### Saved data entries
********************
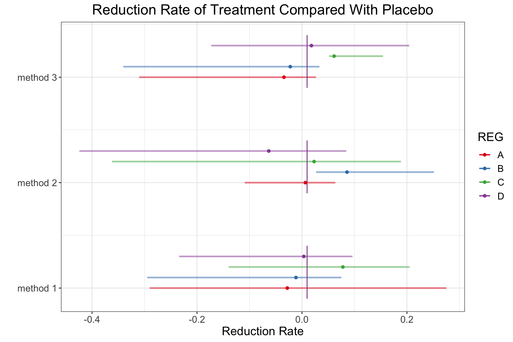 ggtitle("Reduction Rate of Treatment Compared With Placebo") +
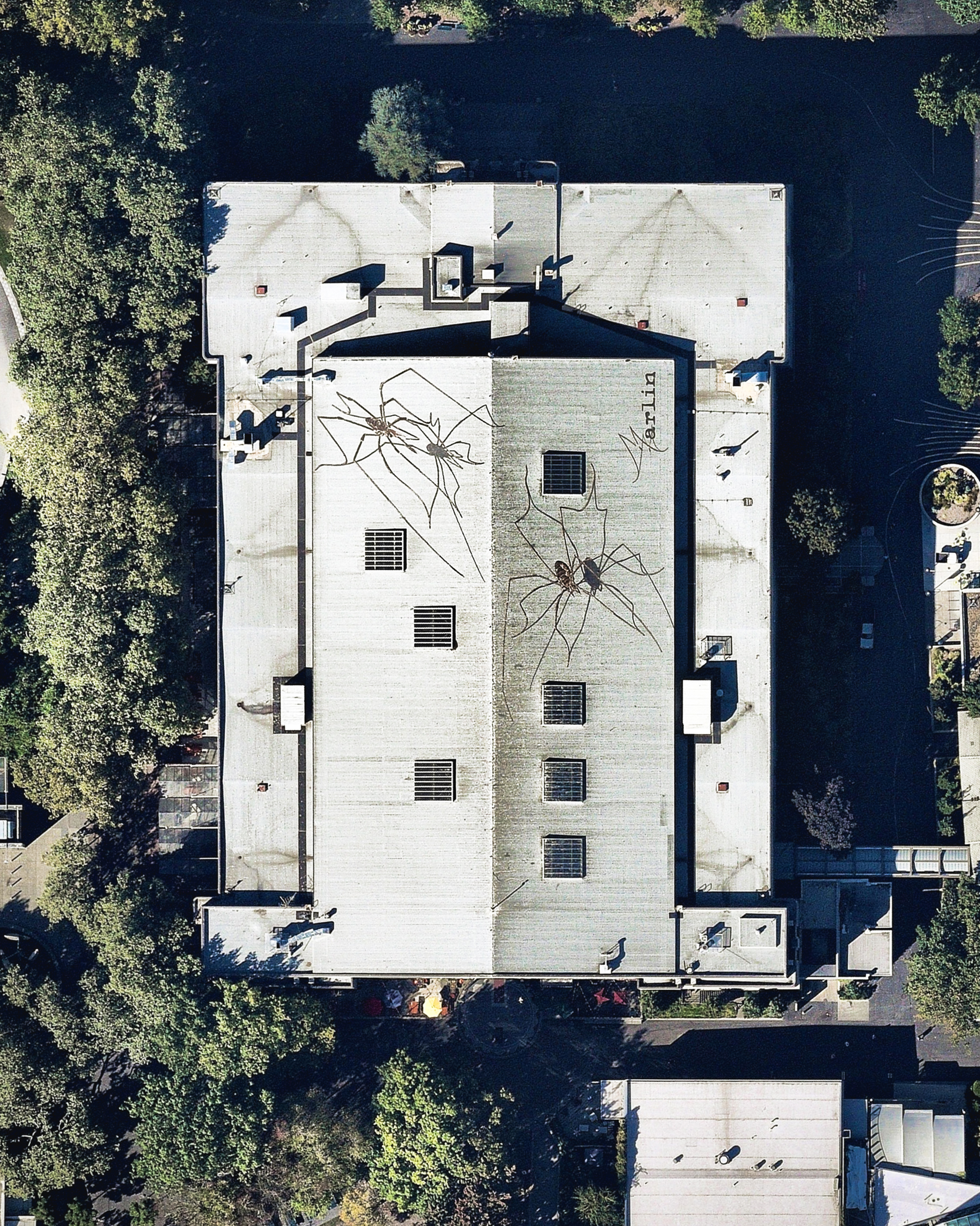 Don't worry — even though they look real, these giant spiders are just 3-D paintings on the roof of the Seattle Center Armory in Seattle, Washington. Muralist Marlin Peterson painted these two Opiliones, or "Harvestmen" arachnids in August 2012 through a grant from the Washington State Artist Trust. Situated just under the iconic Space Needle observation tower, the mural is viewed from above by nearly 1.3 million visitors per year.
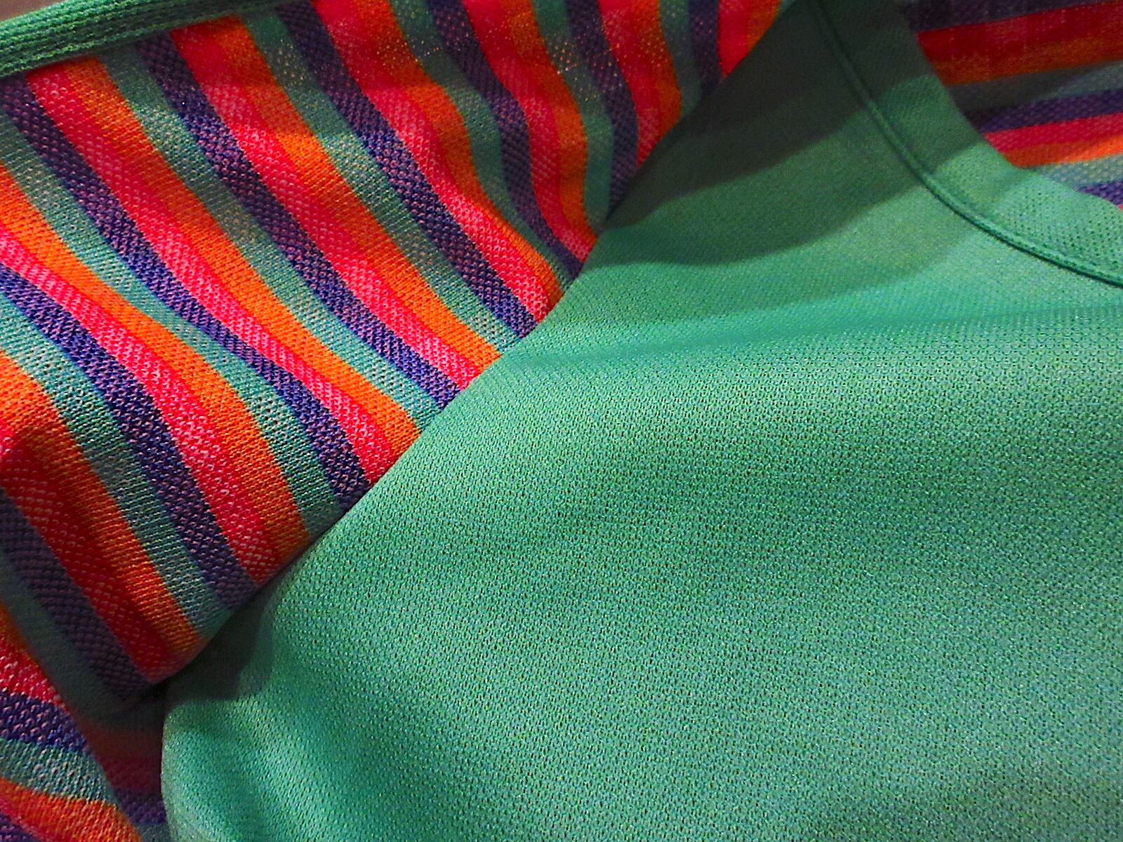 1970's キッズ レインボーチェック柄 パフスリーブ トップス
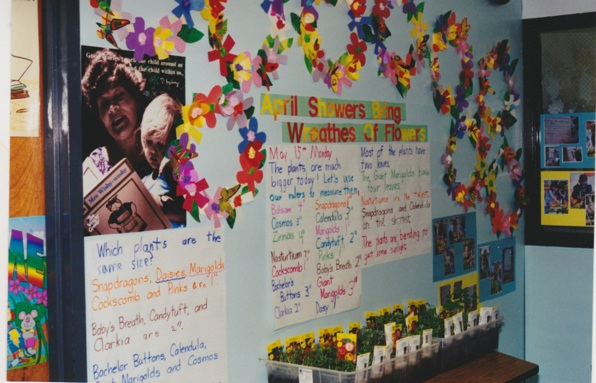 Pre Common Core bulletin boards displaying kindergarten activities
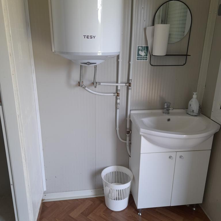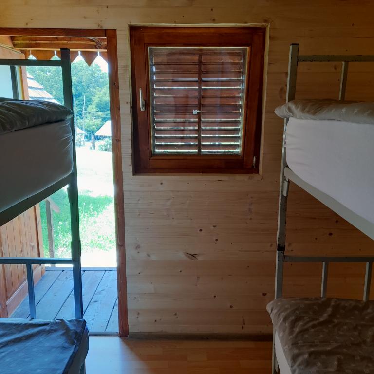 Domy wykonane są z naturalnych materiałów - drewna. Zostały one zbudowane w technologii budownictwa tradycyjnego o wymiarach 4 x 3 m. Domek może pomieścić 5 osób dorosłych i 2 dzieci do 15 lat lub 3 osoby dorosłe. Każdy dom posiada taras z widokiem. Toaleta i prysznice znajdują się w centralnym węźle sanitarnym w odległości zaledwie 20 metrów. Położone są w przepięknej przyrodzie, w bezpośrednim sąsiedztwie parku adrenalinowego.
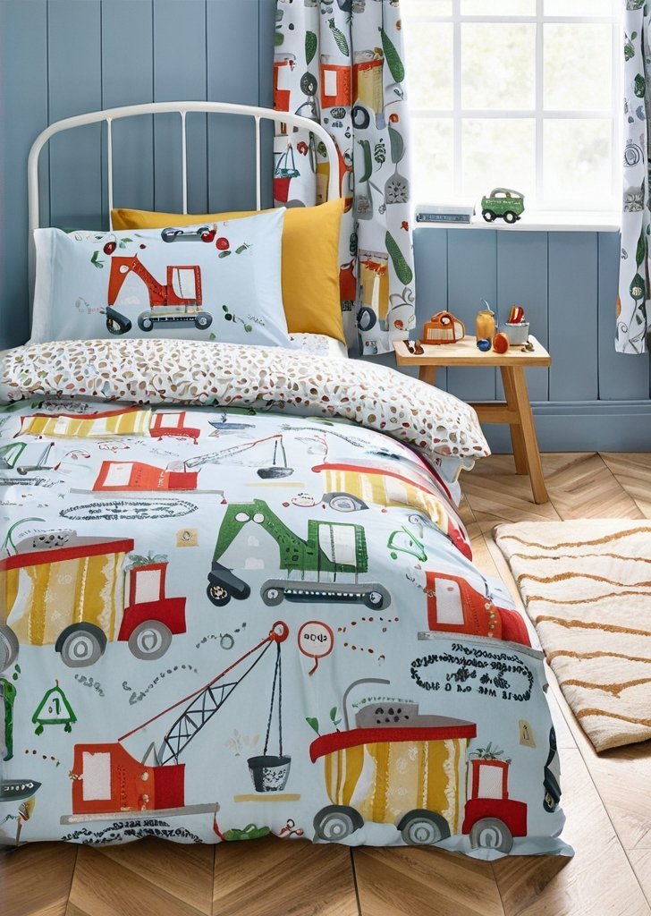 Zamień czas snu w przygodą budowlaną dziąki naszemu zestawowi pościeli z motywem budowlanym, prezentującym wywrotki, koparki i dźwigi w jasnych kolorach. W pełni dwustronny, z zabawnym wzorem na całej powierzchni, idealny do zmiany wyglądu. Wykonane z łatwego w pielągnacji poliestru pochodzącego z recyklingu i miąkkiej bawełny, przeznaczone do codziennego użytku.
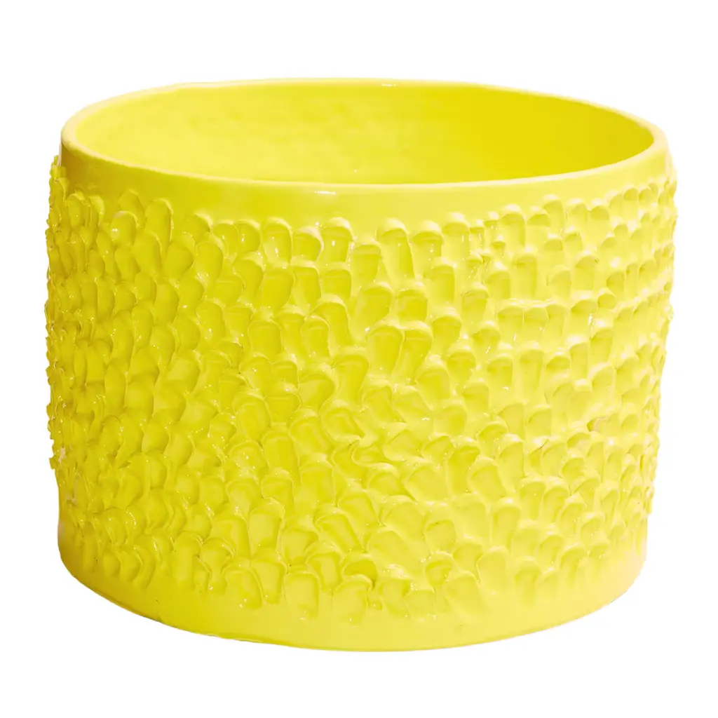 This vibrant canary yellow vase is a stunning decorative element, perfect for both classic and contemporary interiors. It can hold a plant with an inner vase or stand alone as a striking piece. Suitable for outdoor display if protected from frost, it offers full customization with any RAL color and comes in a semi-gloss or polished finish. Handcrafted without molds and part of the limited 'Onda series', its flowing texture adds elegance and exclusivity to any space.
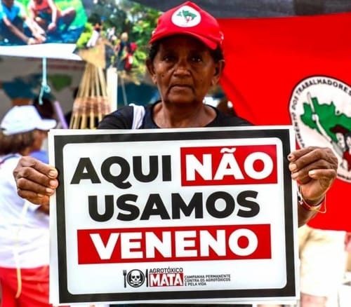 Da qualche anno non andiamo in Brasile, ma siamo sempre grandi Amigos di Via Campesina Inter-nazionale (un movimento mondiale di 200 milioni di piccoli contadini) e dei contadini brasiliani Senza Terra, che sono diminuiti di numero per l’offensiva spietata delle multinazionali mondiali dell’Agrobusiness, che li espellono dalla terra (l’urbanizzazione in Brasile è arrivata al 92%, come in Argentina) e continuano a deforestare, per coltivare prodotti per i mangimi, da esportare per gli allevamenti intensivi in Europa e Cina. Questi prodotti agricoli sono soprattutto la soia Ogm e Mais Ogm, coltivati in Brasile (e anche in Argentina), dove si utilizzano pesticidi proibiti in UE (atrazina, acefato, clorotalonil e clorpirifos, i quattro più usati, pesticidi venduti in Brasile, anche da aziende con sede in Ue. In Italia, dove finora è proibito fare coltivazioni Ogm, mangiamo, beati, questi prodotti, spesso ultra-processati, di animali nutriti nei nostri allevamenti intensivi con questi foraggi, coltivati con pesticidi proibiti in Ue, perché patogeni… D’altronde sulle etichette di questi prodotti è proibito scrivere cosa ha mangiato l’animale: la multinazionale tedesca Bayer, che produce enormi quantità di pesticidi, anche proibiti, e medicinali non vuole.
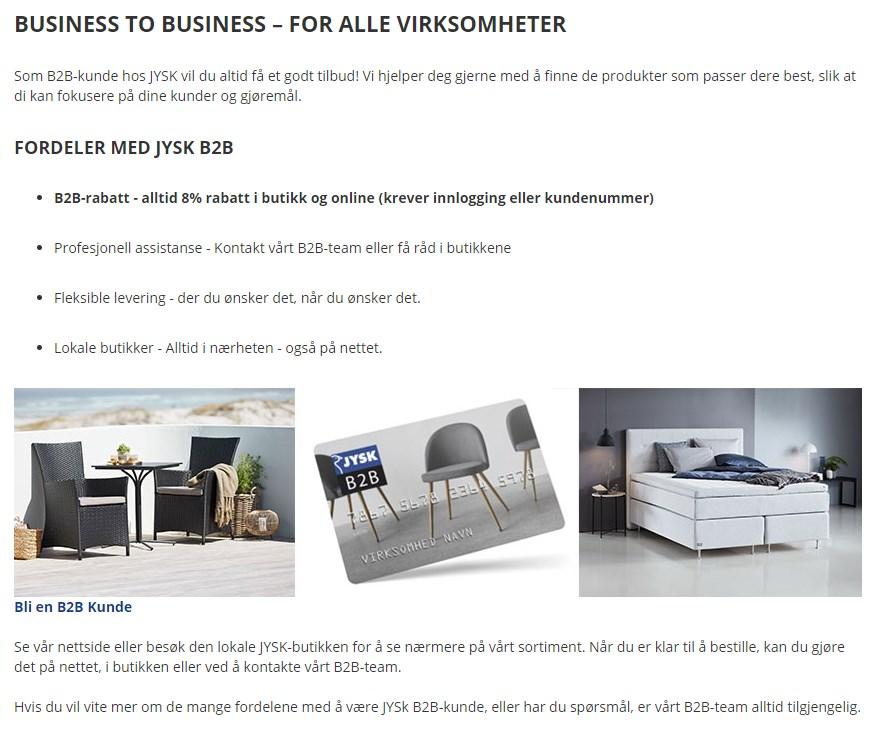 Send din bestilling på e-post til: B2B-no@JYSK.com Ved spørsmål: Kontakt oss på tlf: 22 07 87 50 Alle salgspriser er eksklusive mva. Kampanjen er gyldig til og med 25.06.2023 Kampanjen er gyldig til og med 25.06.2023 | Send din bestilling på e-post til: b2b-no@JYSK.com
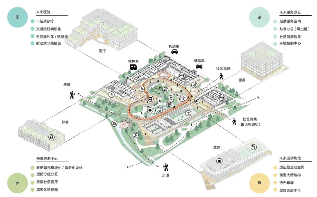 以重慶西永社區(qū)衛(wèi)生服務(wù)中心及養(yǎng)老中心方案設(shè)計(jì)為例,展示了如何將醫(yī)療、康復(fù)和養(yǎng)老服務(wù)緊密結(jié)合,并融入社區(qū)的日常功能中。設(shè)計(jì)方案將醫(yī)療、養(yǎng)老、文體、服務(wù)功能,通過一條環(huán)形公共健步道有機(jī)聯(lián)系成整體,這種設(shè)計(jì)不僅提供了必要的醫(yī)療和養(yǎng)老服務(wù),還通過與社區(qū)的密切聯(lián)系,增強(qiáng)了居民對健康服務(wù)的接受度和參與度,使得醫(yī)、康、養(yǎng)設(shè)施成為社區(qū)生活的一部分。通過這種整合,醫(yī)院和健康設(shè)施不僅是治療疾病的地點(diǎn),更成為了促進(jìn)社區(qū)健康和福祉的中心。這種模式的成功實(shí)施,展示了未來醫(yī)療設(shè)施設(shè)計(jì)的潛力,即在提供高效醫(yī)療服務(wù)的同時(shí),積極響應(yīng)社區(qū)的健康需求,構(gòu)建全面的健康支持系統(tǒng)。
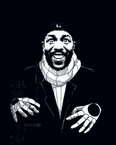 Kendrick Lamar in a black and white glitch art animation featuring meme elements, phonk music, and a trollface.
********************
### What needs to be done
Transcribe every line in the entries above, taking out only the images.

### The completed task
 ggtitle("Reduction Rate of Treatment Compared With Placebo") +
 Don't worry — even though they look real, these giant spiders are just 3-D paintings on the roof of the Seattle Center Armory in Seattle, Washington. Muralist Marlin Peterson painted these two Opiliones, or "Harvestmen" arachnids in August 2012 through a grant from the Washington State Artist Trust. Situated just under the iconic Space Needle observation tower, the mural is viewed from above by nearly 1.3 million visitors per year.
 1970's キッズ レインボーチェック柄 パフスリーブ トップス
 Pre Common Core bulletin boards displaying kindergarten activities
 Domy wykonane są z naturalnych materiałów - drewna. Zostały one zbudowane w technologii budownictwa tradycyjnego o wymiarach 4 x 3 m. Domek może pomieścić 5 osób dorosłych i 2 dzieci do 15 lat lub 3 osoby dorosłe. Każdy dom posiada taras z widokiem. Toaleta i prysznice znajdują się w centralnym węźle sanitarnym w odległości zaledwie 20 metrów. Położone są w przepięknej przyrodzie, w bezpośrednim sąsiedztwie parku adrenalinowego.
 Zamień czas snu w przygodą budowlaną dziąki naszemu zestawowi pościeli z motywem budowlanym, prezentującym wywrotki, koparki i dźwigi w jasnych kolorach. W pełni dwustronny, z zabawnym wzorem na całej powierzchni, idealny do zmiany wyglądu. Wykonane z łatwego w pielągnacji poliestru pochodzącego z recyklingu i miąkkiej bawełny, przeznaczone do codziennego użytku.
 This vibrant canary yellow vase is a stunning decorative element, perfect for both classic and contemporary interiors. It can hold a plant with an inner vase or stand alone as a striking piece. Suitable for outdoor display if protected from frost, it offers full customization with any RAL color and comes in a semi-gloss or polished finish. Handcrafted without molds and part of the limited 'Onda series', its flowing texture adds elegance and exclusivity to any space.
 Da qualche anno non andiamo in Brasile, ma siamo sempre grandi Amigos di Via Campesina Inter-nazionale (un movimento mondiale di 200 milioni di piccoli contadini) e dei contadini brasiliani Senza Terra, che sono diminuiti di numero per l’offensiva spietata delle multinazionali mondiali dell’Agrobusiness, che li espellono dalla terra (l’urbanizzazione in Brasile è arrivata al 92%, come in Argentina) e continuano a deforestare, per coltivare prodotti per i mangimi, da esportare per gli allevamenti intensivi in Europa e Cina. Questi prodotti agricoli sono soprattutto la soia Ogm e Mais Ogm, coltivati in Brasile (e anche in Argentina), dove si utilizzano pesticidi proibiti in UE (atrazina, acefato, clorotalonil e clorpirifos, i quattro più usati, pesticidi venduti in Brasile, anche da aziende con sede in Ue. In Italia, dove finora è proibito fare coltivazioni Ogm, mangiamo, beati, questi prodotti, spesso ultra-processati, di animali nutriti nei nostri allevamenti intensivi con questi foraggi, coltivati con pesticidi proibiti in Ue, perché patogeni… D’altronde sulle etichette di questi prodotti è proibito scrivere cosa ha mangiato l’animale: la multinazionale tedesca Bayer, che produce enormi quantità di pesticidi, anche proibiti, e medicinali non vuole.
 Send din bestilling på e-post til: B2B-no@JYSK.com Ved spørsmål: Kontakt oss på tlf: 22 07 87 50 Alle salgspriser er eksklusive mva. Kampanjen er gyldig til og med 25.06.2023 Kampanjen er gyldig til og med 25.06.2023 | Send din bestilling på e-post til: b2b-no@JYSK.com
 以重慶西永社區(qū)衛(wèi)生服務(wù)中心及養(yǎng)老中心方案設(shè)計(jì)為例,展示了如何將醫(yī)療、康復(fù)和養(yǎng)老服務(wù)緊密結(jié)合,并融入社區(qū)的日常功能中。設(shè)計(jì)方案將醫(yī)療、養(yǎng)老、文體、服務(wù)功能,通過一條環(huán)形公共健步道有機(jī)聯(lián)系成整體,這種設(shè)計(jì)不僅提供了必要的醫(yī)療和養(yǎng)老服務(wù),還通過與社區(qū)的密切聯(lián)系,增強(qiáng)了居民對健康服務(wù)的接受度和參與度,使得醫(yī)、康、養(yǎng)設(shè)施成為社區(qū)生活的一部分。通過這種整合,醫(yī)院和健康設(shè)施不僅是治療疾病的地點(diǎn),更成為了促進(jìn)社區(qū)健康和福祉的中心。這種模式的成功實(shí)施,展示了未來醫(yī)療設(shè)施設(shè)計(jì)的潛力,即在提供高效醫(yī)療服務(wù)的同時(shí),積極響應(yīng)社區(qū)的健康需求,構(gòu)建全面的健康支持系統(tǒng)。
 Kendrick Lamar in a black and white glitch art animation featuring meme elements, phonk music, and a trollface.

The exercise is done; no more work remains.